■ Recorded data

============================================================

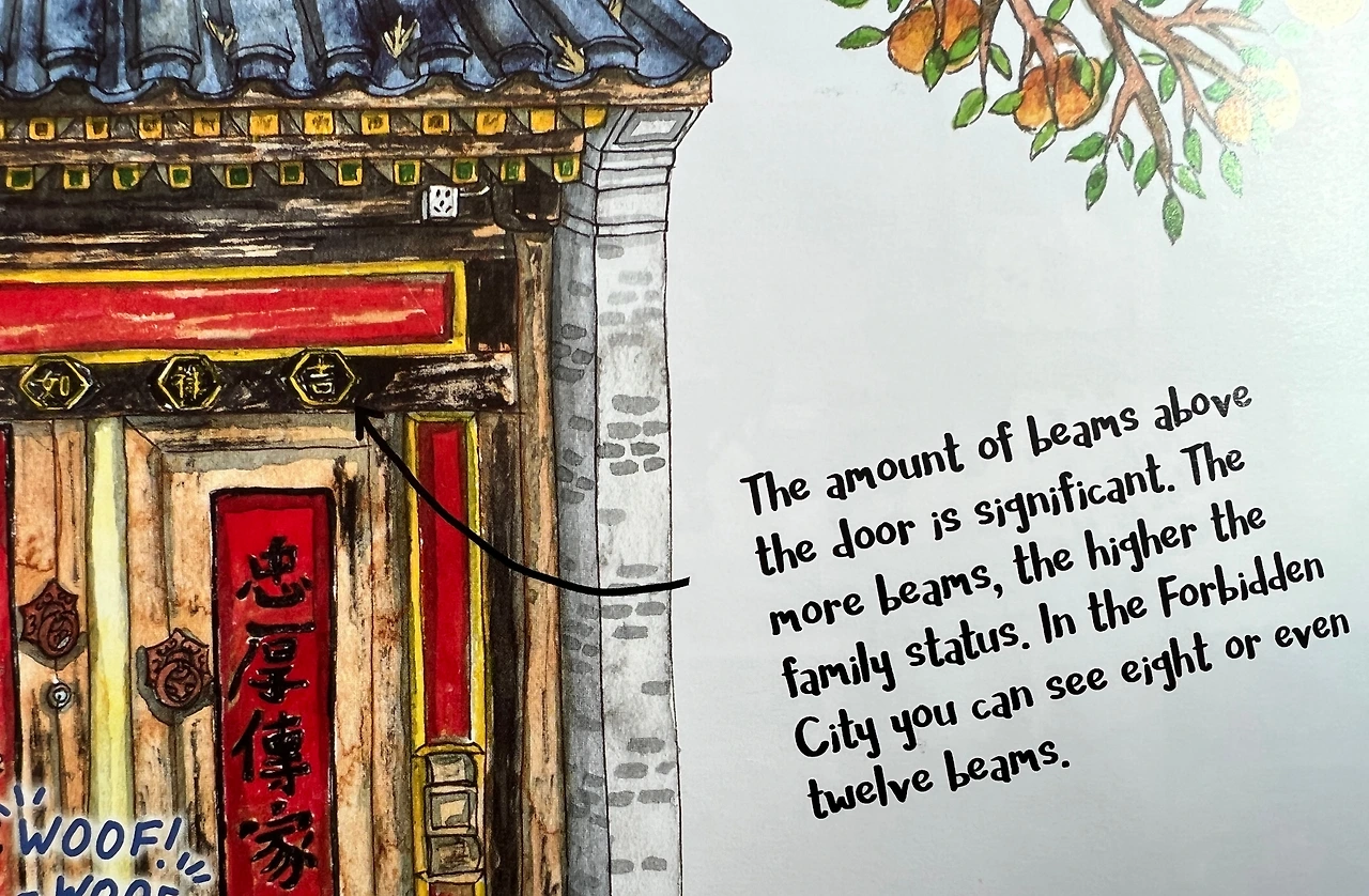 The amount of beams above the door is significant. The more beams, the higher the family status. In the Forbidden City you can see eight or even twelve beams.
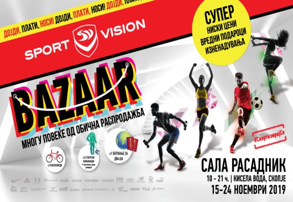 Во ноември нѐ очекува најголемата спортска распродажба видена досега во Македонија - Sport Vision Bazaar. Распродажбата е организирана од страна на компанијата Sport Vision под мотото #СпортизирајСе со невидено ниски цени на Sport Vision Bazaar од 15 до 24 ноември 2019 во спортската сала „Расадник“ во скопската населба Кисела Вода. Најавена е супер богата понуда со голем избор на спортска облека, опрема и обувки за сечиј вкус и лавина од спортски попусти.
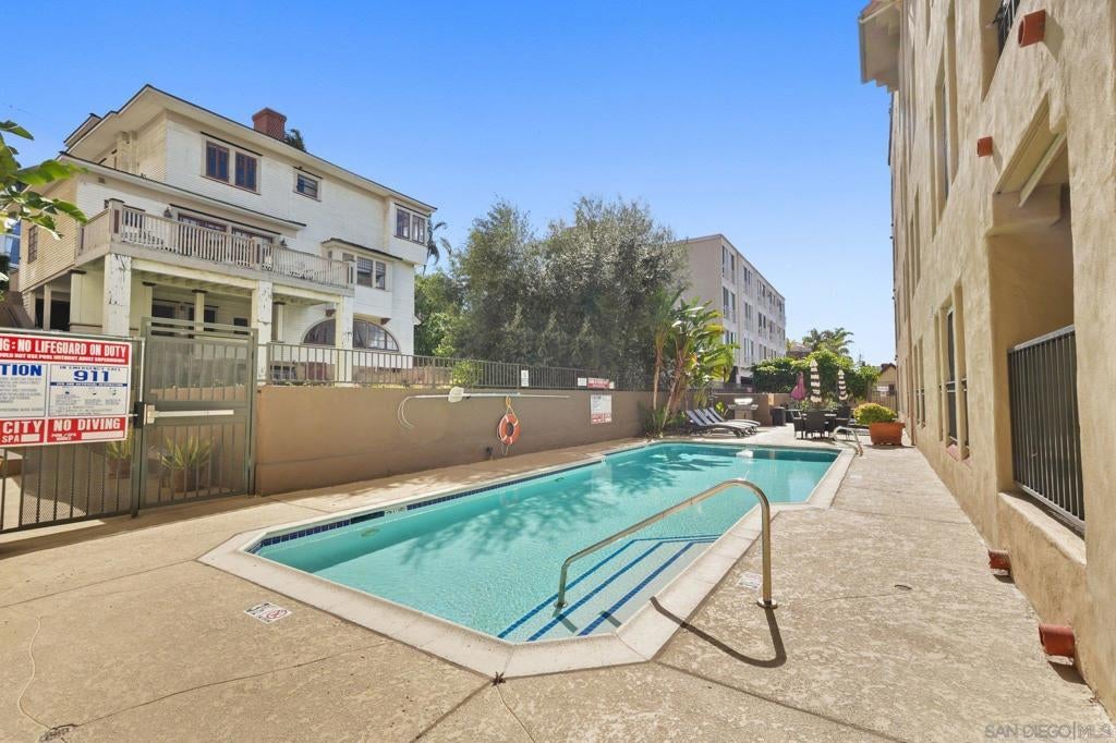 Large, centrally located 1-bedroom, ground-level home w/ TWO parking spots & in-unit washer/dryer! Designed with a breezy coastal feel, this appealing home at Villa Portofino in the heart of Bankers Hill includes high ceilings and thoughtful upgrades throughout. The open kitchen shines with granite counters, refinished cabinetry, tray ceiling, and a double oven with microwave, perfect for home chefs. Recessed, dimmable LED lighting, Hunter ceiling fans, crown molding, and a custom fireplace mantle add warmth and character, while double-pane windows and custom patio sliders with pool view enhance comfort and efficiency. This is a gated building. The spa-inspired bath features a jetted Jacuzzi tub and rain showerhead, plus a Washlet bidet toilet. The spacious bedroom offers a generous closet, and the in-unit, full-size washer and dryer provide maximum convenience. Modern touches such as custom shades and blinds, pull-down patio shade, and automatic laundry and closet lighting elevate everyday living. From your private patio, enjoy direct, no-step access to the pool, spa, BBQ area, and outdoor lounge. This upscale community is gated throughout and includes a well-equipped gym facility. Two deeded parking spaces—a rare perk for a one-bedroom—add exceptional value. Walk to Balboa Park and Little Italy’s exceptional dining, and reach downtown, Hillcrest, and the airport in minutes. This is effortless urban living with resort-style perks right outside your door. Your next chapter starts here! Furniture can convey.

============================================================

■ What you have to do
Needed here is a verbatim copy of the data from the first line through the line with "Во ноември нѐ", without pictures.

■ Solution to the exercise
 The amount of beams above the door is significant. The more beams, the higher the family status. In the Forbidden City you can see eight or even twelve beams.
 Во ноември нѐ очекува најголемата спортска распродажба видена досега во Македонија - Sport Vision Bazaar. Распродажбата е организирана од страна на компанијата Sport Vision под мотото #СпортизирајСе со невидено ниски цени на Sport Vision Bazaar од 15 до 24 ноември 2019 во спортската сала „Расадник“ во скопската населба Кисела Вода. Најавена е супер богата понуда со голем избор на спортска облека, опрема и обувки за сечиј вкус и лавина од спортски попусти.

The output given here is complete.